Наибольший интерес для нашей темы представляет, конечно, давно привлекавшая внимание литературоведов и фольклористов XI глава I части «Записок», посвященная устроенному арестантами спектаклю. Без описания представления «Кедрила-обжоры» и мыслей Достоевского о народной драме не может обойтись, конечно, историк народного театра. Оставив в стороне изученную лучше других драматическую сторону представления,[108] остановимся на музыкальной, в частности на «Камаринской», исполнявшейся арестантским оркестром. Достоевский сообщает драгоценные подробности и о составе его и о манере исполнителей.
«Вот заиграл оркестр… Сбоку, по нарам, разместилось человек восемь музыкантов: две скрипки… три балалайки… все самодельщина, две гитары и бубен вместо контрабаса. Скрипки только визжали и пилили, гитары были дрянные, зато балалайки были неслыханные. Проворство переборки струн пальцами решительно равнялось самому ловкому фокусу. Игрались все плясовые мотивы».[109] Как явствует из дальнейшего, исполнялась «увертюра» на тему «Ах, вы сени, мои сени». «В самых плясовых местах балалаечники ударяли костями пальцев о деку балалайки; тон, вкус, исполнение, обращение с инструментами, характер передачи мотива — все это было свое, оригинальное, арестантское.
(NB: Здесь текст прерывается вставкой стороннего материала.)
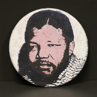 A button with a sketch of a photo of Nelson Mandela. Nelson Mandela was an anti-apartheid activist in South Africa. After being imprisoned for 27 years due to his African Nationalist ideology, he was released in 1990 and led efforts to end apartheid. He was elected president in 1994 in the country's first fully democratic election.
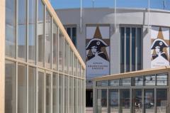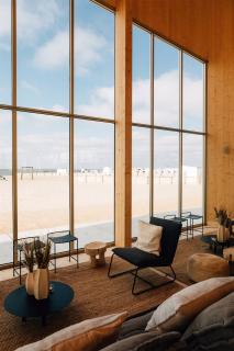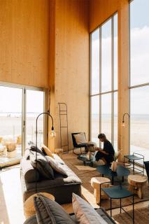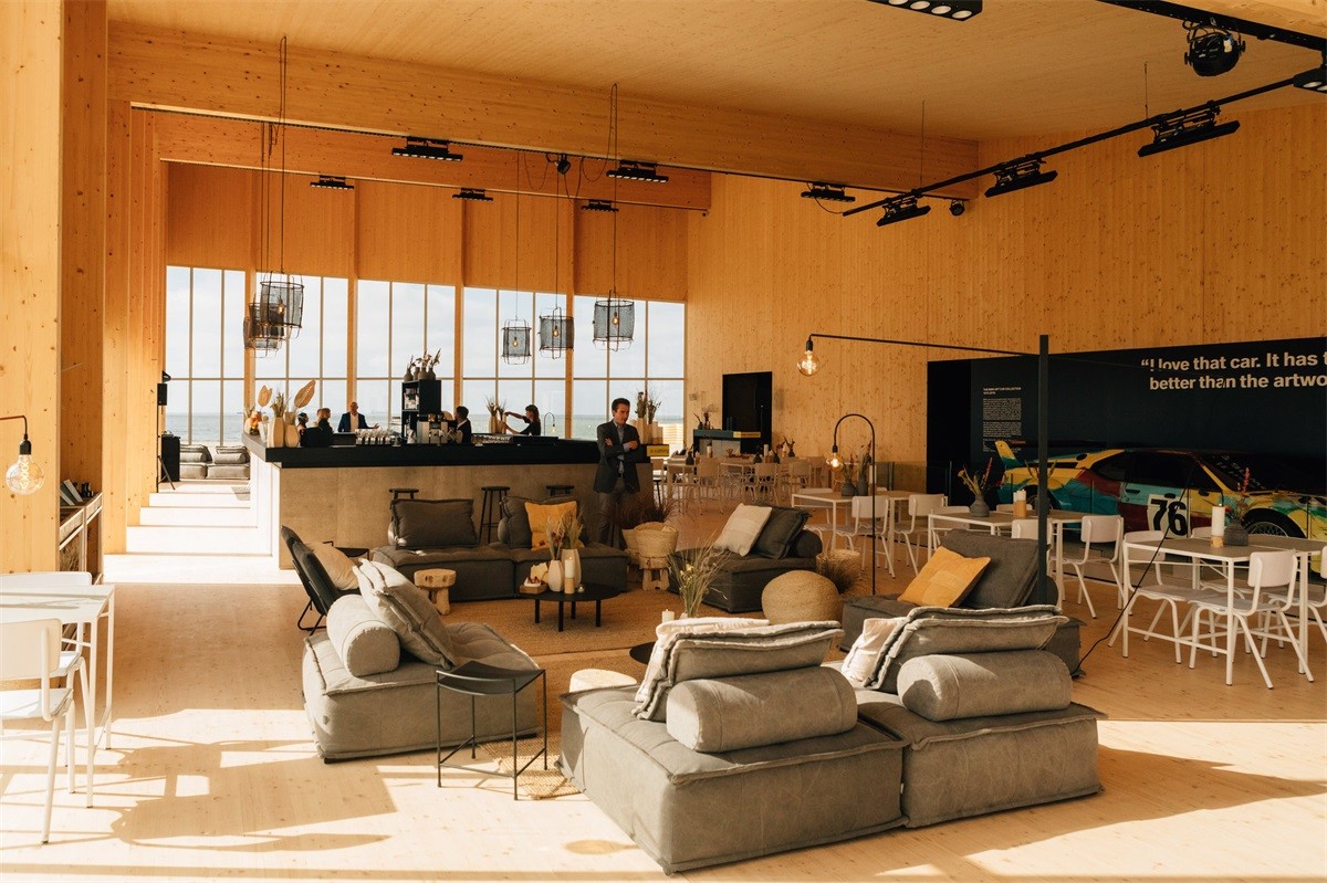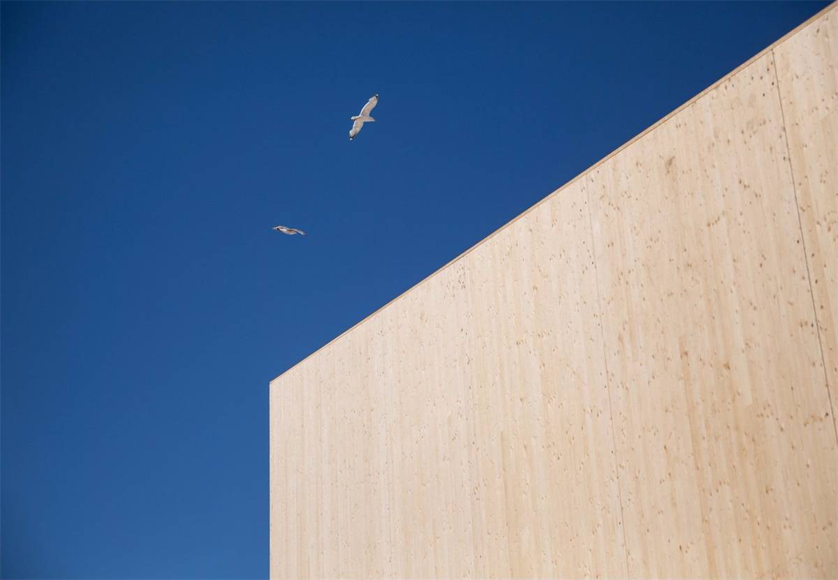 展館作為抽象的沙丘獨立出現(xiàn)在場地上,創(chuàng)造了一個中央入口的廣場。木結(jié)構(gòu)和藝術(shù)相互溝通,與環(huán)境,但被視為一個連貫的一塊。這導致了自然和人類造物之間的特殊相遇。長廊和海濱立面相互補充,提供啟發(fā)性的觀點和視角,增強了場地的吸引力。庭院作為一個生動的廣場展開,各種活動圍繞著它組織起來。此外,這里還能看到北海獨特的景色。

Один из гитаристов тоже великолепно знал свой инструмент… Что же касается до бубна, то он просто делал чудеса: то завертится на пальце, то большим пальцем проведут по его коже, то слышатся частые, звонкие и однообразные удары, то вдруг этот сильный отчетливый звук как бы рассыпается горохом на бесчисленное число маленьких дребезжащих и шушуркающих звуков. Наконец, появились еще две гармонии. Честное слово, я до тех пор не имел понятия о том, что можно сделать из простых, простонародных инструментов; согласие звуков, сыгранность, а главное дух, характер, понятие и передача самой сущности мотива были просто удивительные. Я в первый раз понял тогда совершенно, что именно есть бесконечно разгульного и удалого в разгульных и удалых русских плясовых песнях».[110] Вслед за этой поразительной по наблюдательности и яркости характеристикой тюремного оркестра следует описание «Камаринской»: «Начинают тихо, едва слышно, но мотив растет и растет, темп учащается, раздаются молодецкие прищелкивания по декам балалайки… Это Камаринская во всем своем размахе и, право, было бы хорошо, если б Глинка хоть случайно услыхал ее у нас в остроге».[111]
Мы помним, что Достоевский познакомился с «Камаринской» в исполнении композитора в 1849 году. Ковалевский писал: «Михаил Иванович окончательно расходился: сел за рояль и начал показывать, какая будет в оркестре сочиняемая им в то время фантазия на Камаринскую. Он подыгрывал губами, ударял по клавишам обеими пятернями в пассажах tutti, пристукивал каблуками, подпевал, подсвистывал и с поразительною образностью передавал движение и краски инструментов. Когда я услыхал впоследствии эту бесподобную по чисто русской забубенности вещь в концерте, то к ней почти ничего не прибавило оркестровое исполнение, даже кое-что поубавило в огне и стремительности передачи».[112]
105
Песня «Я вечор млада» действительно была очень популярна. Ее использовал М. Балакирев в Увертюре на темы трех русских песен.
108
C исчерпывающей полнотой историю «Кедрила» осветил П. Н. Берков к кн. «Русская народная драма XVII–XX BB». М., 1953.